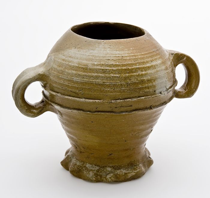 Kleine steengoed kan met oor, lage buik en slanke ha...
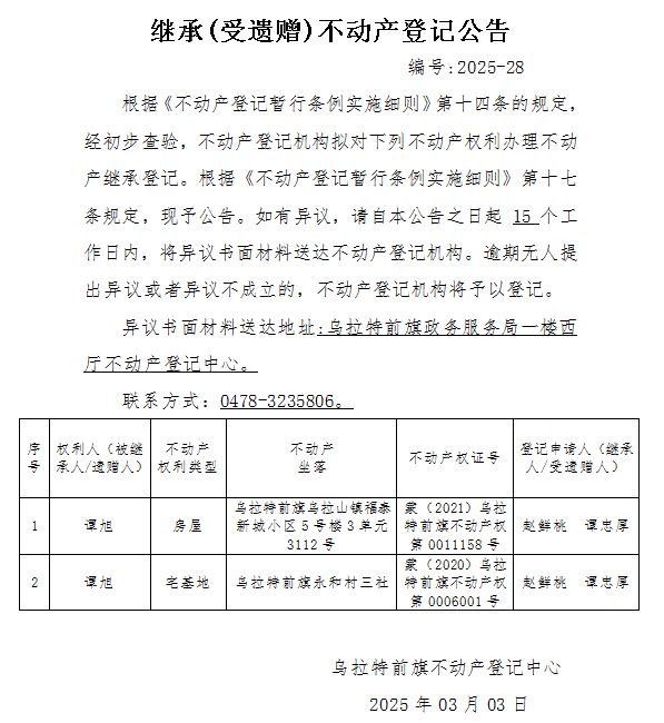 赵鲜桃 谭忠厚继承(受遗赠)不动产登记公告
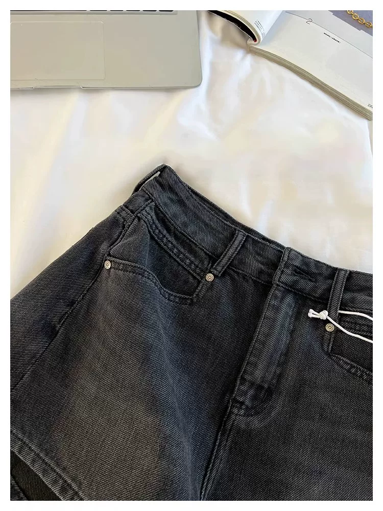 - Quần short denim xẻ tà lưng cao dáng quả lê dành cho nữ, size lớn mùa hè, dáng nhỏ nhắn, co giãn, quần chữ A tôn dáng
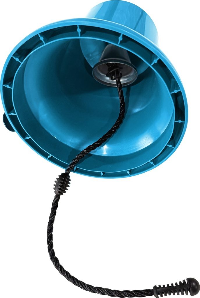Slyšíte to cinkání? Tyrkysový zvoneček se stane nezbytným doplňkem každého dětského hřiště. Uvnitř zvonku je ukryt menší zvoneček, díky čemuž je zvuk tlumenější a citlivý dětský sluch je tak účinně chráněn. Podporuje fantazii dětí a motivuje k představivé hře. Hlavní vlastnosti: materiál odolný povětrnostním vlivůmrozvíjí fantazii dětí motivuje k představivé hředržák a montážní materiál jsou součástí balení
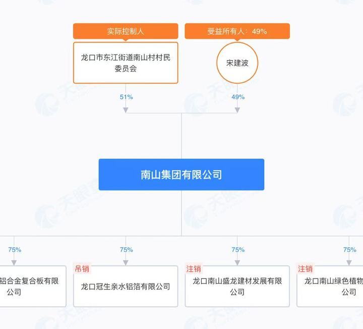 值得一提的是,南山铝业国际脱胎于山东南山铝业,后者是中国铝业全产业链龙头,业务覆盖热电、氧化铝、电解铝及高端铝材,隶属于年营收超1700亿元的南山集团。目前,南山集团名由龙口市东江街道南山村村民村委会持股51%,宋建波持股49%。
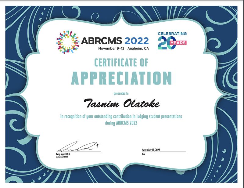 ABRCMS 2022 Undergraduate Poster Judge Certificate
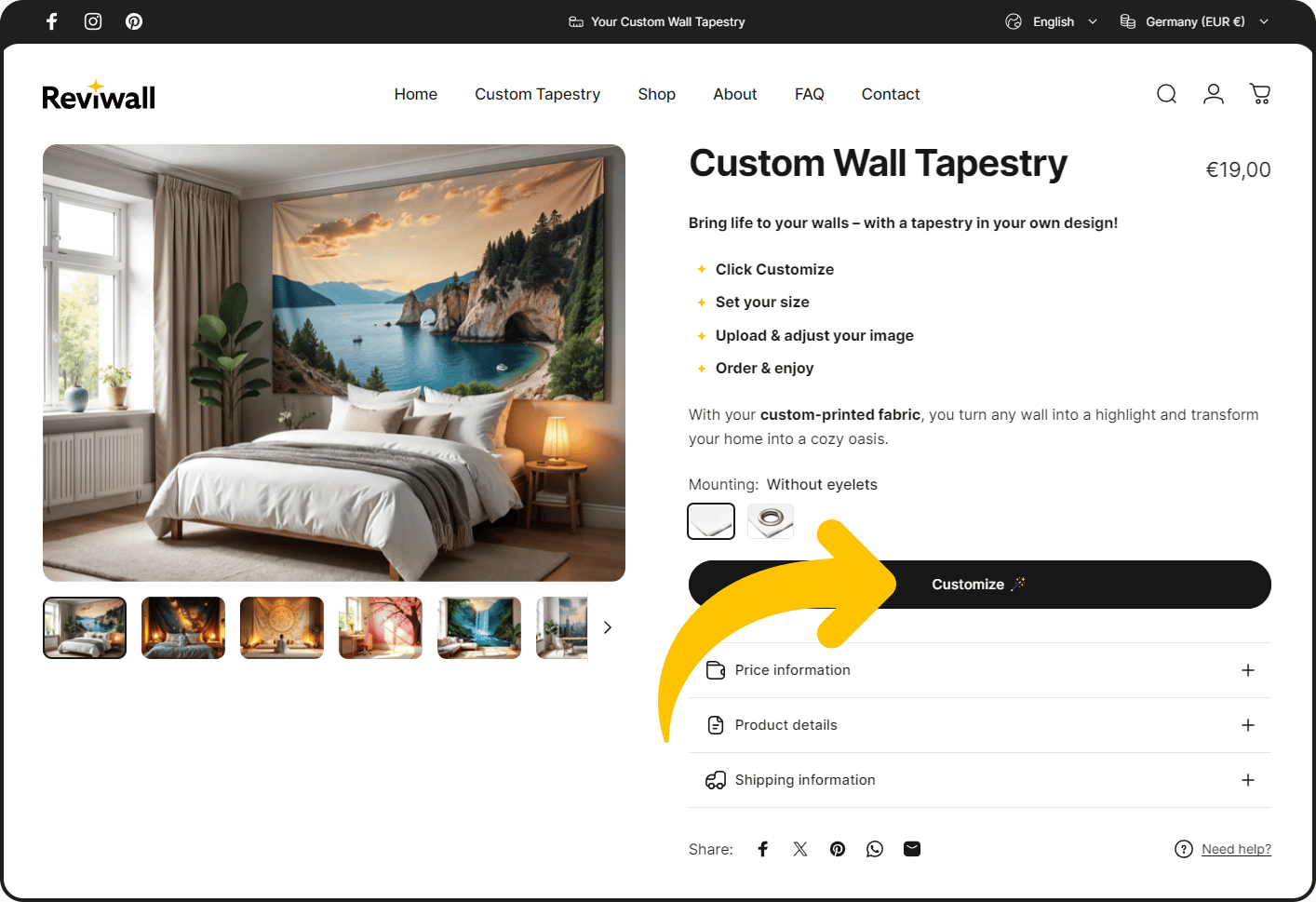 - Gehe zur Produktseite deines Foto-Wandtuchs
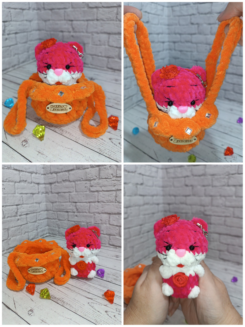 Красная кошечка-это мягкая игрушка, изготовлена из высококачественного мягкого и долговечного плюша, связана из детской пряжи YarnArt DOLCE, наполнитель холофайбер, который делает игрушку комфортной и безопасной для игры.
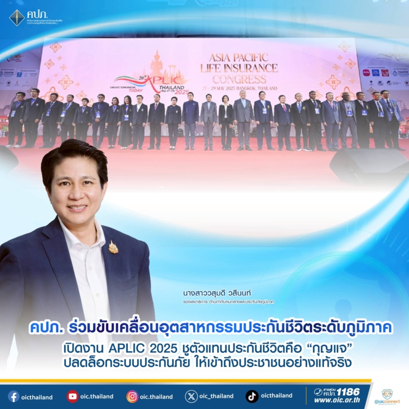 เมื่อวันที่ 27 พฤษภาคม 2568 สำนักงานคณะกรรมการกำกับและส่งเสริมการประกอบธุรกิจประกันภัย (สำนักงาน คปภ.) โดย นางสาววสุมดี วสีนนท์ รองเลขาธิการ ด้านกำกับคนกลางและประกันภัยภูมิภาค ได้ร่วมเป็นเกียรติในพิธีเปิดงาน Asia Pacific Life Insurance Congress (APLIC) ครั้งที่ 20 ณ ศูนย์การประชุมแห่งชาติสิริกิติ์ กรุงเทพมหานคร ซึ่งจัดโดย สมาคมตัวแทนประกันชีวิตและที่ปรึกษาการเงิน (THAIFA) ระหว่างวันที่ 27–29 พฤษภาคม 2568 ณ ห้อง Exhibition Hall 1–2 ชั้น G ศูนย์การประชุมแห่งชาติสิริกิติ์ จากทั่วภูมิภาคเอเชียแปซิฟิก ภายใต้แนวคิด “Create Tomorrow, Today” โดยมีผู้แทนจากภาคอุตสาหกรรมประกันชีวิตจากประเทศในภูมิภาคเอเชีย – แปซิฟิกเข้าร่วมงานกว่า 5,000 คน เพื่อแลกเปลี่ยนองค์ความรู้ แนวทางปฏิบัติที่ดี และส่งเสริมความร่วมมือในการพัฒนาธุรกิจประกันชีวิตให้เติบโตอย่างยั่งยืนและมีคุณภาพยิ่งขึ้น
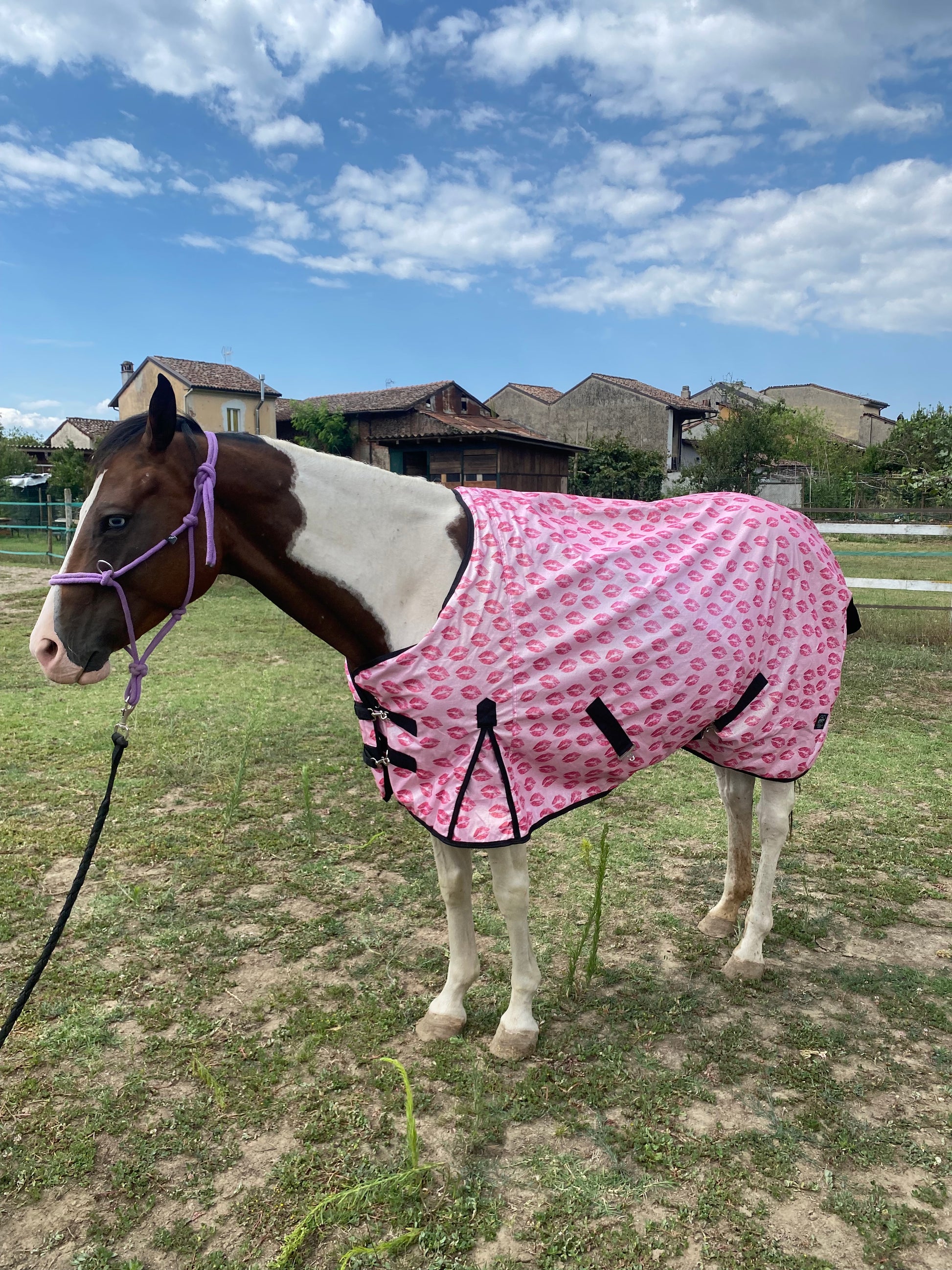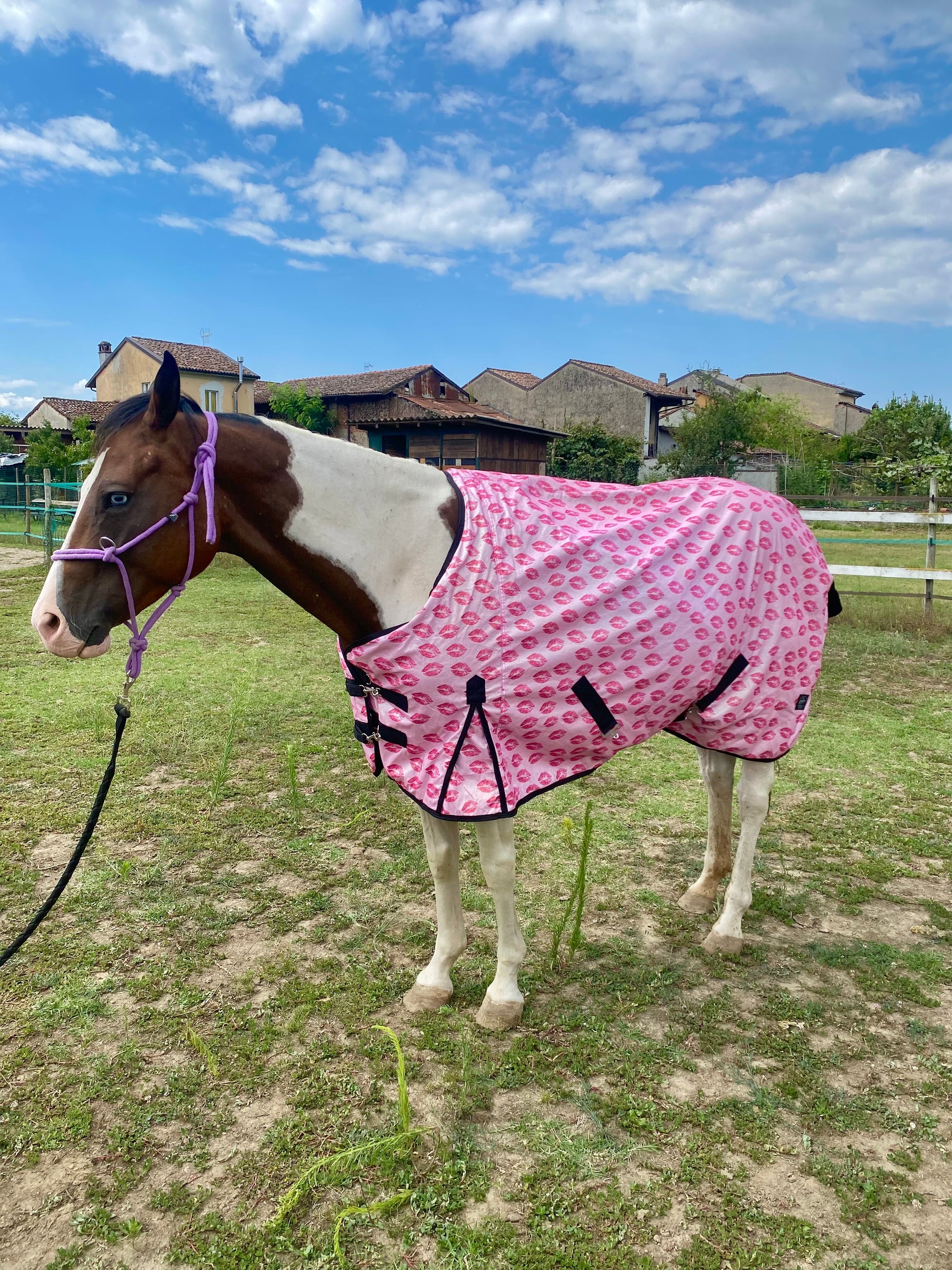 ✨ Coperta rosa chiaro con stampa di baci e un tocco glitterato, progettata per aggiungere un tocco di magia al look del tuo cavallo. Il design unico e l’effetto scintillante del glitter renderanno ogni momento speciale, perfetta per giornate di relax e per creare ricordi indimenticabili.

-.-.-

Aim of the task:
Would you return the material exactly, images excluded?

Written response:
 Kleine steengoed kan met oor, lage buik en slanke ha...
 赵鲜桃 谭忠厚继承(受遗赠)不动产登记公告
 - Quần short denim xẻ tà lưng cao dáng quả lê dành cho nữ, size lớn mùa hè, dáng nhỏ nhắn, co giãn, quần chữ A tôn dáng
Slyšíte to cinkání? Tyrkysový zvoneček se stane nezbytným doplňkem každého dětského hřiště. Uvnitř zvonku je ukryt menší zvoneček, díky čemuž je zvuk tlumenější a citlivý dětský sluch je tak účinně chráněn. Podporuje fantazii dětí a motivuje k představivé hře. Hlavní vlastnosti: materiál odolný povětrnostním vlivůmrozvíjí fantazii dětí motivuje k představivé hředržák a montážní materiál jsou součástí balení
 值得一提的是,南山铝业国际脱胎于山东南山铝业,后者是中国铝业全产业链龙头,业务覆盖热电、氧化铝、电解铝及高端铝材,隶属于年营收超1700亿元的南山集团。目前,南山集团名由龙口市东江街道南山村村民村委会持股51%,宋建波持股49%。
 ABRCMS 2022 Undergraduate Poster Judge Certificate
 - Gehe zur Produktseite deines Foto-Wandtuchs
 Красная кошечка-это мягкая игрушка, изготовлена из высококачественного мягкого и долговечного плюша, связана из детской пряжи YarnArt DOLCE, наполнитель холофайбер, который делает игрушку комфортной и безопасной для игры.
 เมื่อวันที่ 27 พฤษภาคม 2568 สำนักงานคณะกรรมการกำกับและส่งเสริมการประกอบธุรกิจประกันภัย (สำนักงาน คปภ.) โดย นางสาววสุมดี วสีนนท์ รองเลขาธิการ ด้านกำกับคนกลางและประกันภัยภูมิภาค ได้ร่วมเป็นเกียรติในพิธีเปิดงาน Asia Pacific Life Insurance Congress (APLIC) ครั้งที่ 20 ณ ศูนย์การประชุมแห่งชาติสิริกิติ์ กรุงเทพมหานคร ซึ่งจัดโดย สมาคมตัวแทนประกันชีวิตและที่ปรึกษาการเงิน (THAIFA) ระหว่างวันที่ 27–29 พฤษภาคม 2568 ณ ห้อง Exhibition Hall 1–2 ชั้น G ศูนย์การประชุมแห่งชาติสิริกิติ์ จากทั่วภูมิภาคเอเชียแปซิฟิก ภายใต้แนวคิด “Create Tomorrow, Today” โดยมีผู้แทนจากภาคอุตสาหกรรมประกันชีวิตจากประเทศในภูมิภาคเอเชีย – แปซิฟิกเข้าร่วมงานกว่า 5,000 คน เพื่อแลกเปลี่ยนองค์ความรู้ แนวทางปฏิบัติที่ดี และส่งเสริมความร่วมมือในการพัฒนาธุรกิจประกันชีวิตให้เติบโตอย่างยั่งยืนและมีคุณภาพยิ่งขึ้น
 ✨ Coperta rosa chiaro con stampa di baci e un tocco glitterato, progettata per aggiungere un tocco di magia al look del tuo cavallo. Il design unico e l’effetto scintillante del glitter renderanno ogni momento speciale, perfetta per giornate di relax e per creare ricordi indimenticabili.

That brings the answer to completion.